Building a Robot Umpire with Deep Learning HD Video Analysis (Part Three)

Anything that can be done to improve umpires is a good thing. (via Mark Mauno)

This article is a continuation of my previous articles here and here. In this article, I will discuss additional improvements to my robot umpire system, the most prominent of which is using HD source video.

HD Video Background

HDTV (high-definition television) started broadcasting in the 1990s. Perhaps not surprisingly, live sports was one of the main selling points that convinced people to spend thousands of dollars on a new television set that could only receive a handful of HD broadcasts (if you were lucky). MLB was the first North American professional sports league to air a game in HD, broadcasting the Opening Day game between the Rangers and the White Sox in 1998. Twenty-one years later, in the year 2019, you will be hard pressed to find any live sports broadcast that is not shown in HD.

HD sports broadcasts typically have a resolution of 1280×720, which is usually called “720p.” This is several times the resolution of SDTV (standard definition television) and many more times the resolution of the old analog television broadcasts. The next generation of broadcast video is commonly called “4K,” which, at a resolution of 3840×2160 pixels, has many times the resolution of HD video. While DIRECTV and Rogers are now broadcasting a handful of games a year in 4K, the vast majority of people in North America are still watching baseball in HD.

The Ups and Downs of Higher Resolutions

The HD source videos used for my analysis were 720p at 30 fps (frames per second), while the first two parts were done on 360p videos (with a resolution of 640×360). Thus, these HD videos have four times the number of pixels, with twice the number of pixels in each of the horizontal and vertical dimensions. This is important for us, because with four times the pixels, all the objects in the video (including the players, home plate, and the ball) appear much larger.  So if we can harness these videos properly, we expect we should be able to build a better robot umpire.

However, there is one big issue. Recall that I extracted the features from the video frames with the Inception V3 convolutional neural network. Inception V3 operates on image patches of size 299×299. Because the previous videos were low enough in resolution, I was able to simply crop out a fixed window in the “middle” of each frame, and I would always be guaranteed the cropped section would contain the batter, catcher, home plate, and the ball (all of which are necessary in order for the system to be able to determine if the pitch is a strike or a ball). With these new HD videos, this is no longer possible.

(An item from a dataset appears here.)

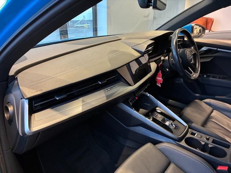 +Free 12 Months Extended Warranty and 12 Months AA Cover+ This Stunning A3 is a joy to drive, it looks stunning in Blue with the contrasting Black Leather Sline Interior.The S line trim enhances its appeal, and it boasts the desirable Comfort and Sound Package, which includes a luxury BANG & Olufsen sound system, the Virtual Cockpit just adds to the driving experience. heated seats, CAR PLAY and Sat-NAV with DAB RAdio and Bluetooth, parking assistance with front and rear sensors and a rear camera. Further enhancing the driving experience are LED headlights with dynamic rear indicators, dual zone electronic climate control, and a light and rain sensor for automatic headlight activation. . the car comes with 2 keys a full history that just been done including a new mot and new tyres, the car also has 12 months AA Cover and a 12 Month Extended warranty all for your peace of mind, this trully stunning and great value A3 is ready to test drive and take home today.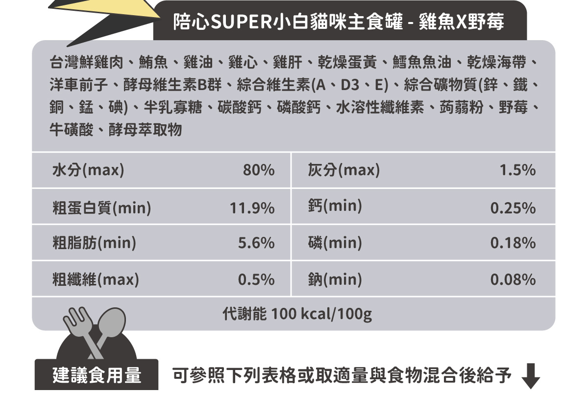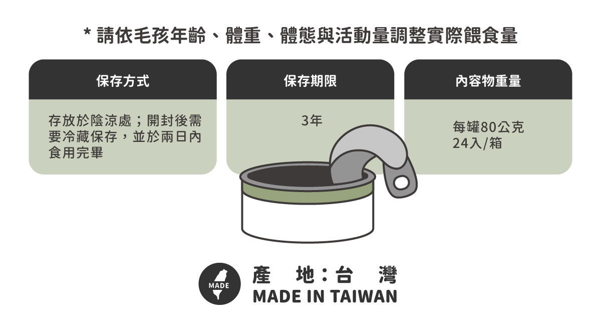 注意:以上係細罐裝80g嘅指引,另外我哋都有買大罐裝170g自己可以按返貓貓嘅重量比例去餵食食

Below I show two screenshots from two different games, each with a 299×299 patch containing the batter, catcher, and home plate highlighted in yellow. You can clearly see these highlighted windows are in different positions. This is partially because one batter is a righty and one is a lefty and partially because the camera viewpoints are different. Since successive batters often will alternate between righties and lefties, the proper window will change many times even within a single game. Therefore, it is just not possible to pick a fixed window to crop.

There are two solutions to this problem. One solution is to crop multiple 299×299 windows per video frame. It seems reasonable that two 299×299 windows horizontally side-by-side should be enough to guarantee you capture all the necessary objects. A second solution is to try to determine where within the frame the objects are.  I chose to use this approach.

Finding Home Plate, the Catcher, the Batter, and the Ball

Fortunately for us, object detection is one of the most common use cases of deep learning, and once again, we can leverage existing work and use a model that is specifically trained for object detection. Tensorflow comes with a whole bunch of object detection models here. These models are trained to detect a certain standard set of objects.  One such set of objects is COCO (Common Objects in Context). If you browse through the COCO website, you will see — as our luck would have it — the set of objects includes baseballs, baseball gloves, and baseball bats.

It seems natural for our first instinct to tell us to use the model to find where the ball, gloves, and bat are in the image. Unfortunately, this won’t work very well. All three of these objects are quite small compared to the context of the rest of the image. Whereas the whole image is 1280×720, a ball may have a size of 10×10, which is 1/1000th the size of the whole image.  Not only will the model have a hard time finding the ball, it will also mistakenly label other round objects as balls, which is troublesome. Gloves are larger than balls, but they are still small relative to the whole image and thus also have the same problem. Bats are much longer objects than balls or gloves, but in my experimental results, in the majority of cases, the model could not identify the bat with confidence.

So what can the object detection models detect with confidence? Players! The players are typically the largest objects in the images, and the models are trained to detect people (which is perhaps the most common use of object detection). Here is the result of running the model on an image.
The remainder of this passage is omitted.